Saturday, December 9, 2017

word usage - How is "made FROM virgin [any material]" possible? Shouldn't it be "made OF virgin"?


What I know about 'made from' and 'made of' is this:



Chairs are made of wood - the wood is still wood, you see that AND
Paper is made from wood -wood disappears, you don't see wood



What I know about the word virgin as an adjective is this:



in its original pure or natural condition and not changed, touched or spoiled




So, keeping in mind that if *the original material is changed, it does not remain virgin.
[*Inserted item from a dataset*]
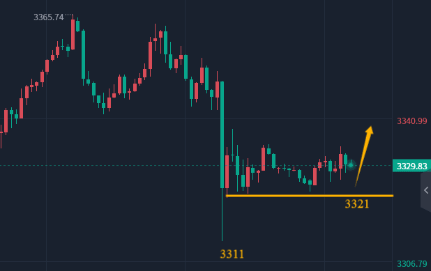 昨晚金价快速下探3311回升,二次回踩的低点在3321,这就是日内的入场点和防守点,今日思路基本和昨晚的思路一样,亚盘可以等待金价回踩3322附近抄底做多看反弹力度,1小时大阴顶点3352,关注这里阻力以下受阻情况,届时考虑短空。具体操作参考黄金3322多,防守3311,目标3338/50;突破3338后可以回踩以3321为止损点3323-30区域均可跟进多。

Said that, --[anything] made FROM virgin [anything] is not possible.


But here...



What makes it (they are talking about 3D printer filament) especially attractive is the cost of conventional filament made from virgin plastic: about $35 to $50 a kilogram.



The Guardian reads:



Extra-soft, quilted and multi-ply toilet roll made from virgin wood causes more damage than gas-guzzlers, fast food or McMansions, say campaigners




Question


Now, if we change/alter the original material, how is it possible to call it virgin? The moment you change/alter the main material, it's not virgin anymore! :)


So shouldn't we use 'made of virgin' (since it's not changed) over 'made from virgin' which means 'altered'.



Answer



"I married a virgin" doesn't mean she's a virgin anymore. The writers chose the word virgin to suggest that something pure, precious, and irreplaceable is being lost—wasted on an unworthy purpose.


When the newspaper article says that the toilet paper is made from virgin wood, it means the state of the wood before they manufactured the toilet paper. Virgin wood is the input to the manufacturing process. Toilet paper is the output. We do not call toilet paper "wood" at all, even though that's what it's made from. From virgin wood to toilet paper—from sacred purity to filthy impurity—that's how the writers are trying to get you to see the situation.


Made from is more correct here, since that phrase suggests that the material was transformed when the object was made, as wine is made from grapes. Made of suggests that the material is still recognizable in the completed object, like a bridge made of steel. There is no exact rule, of course.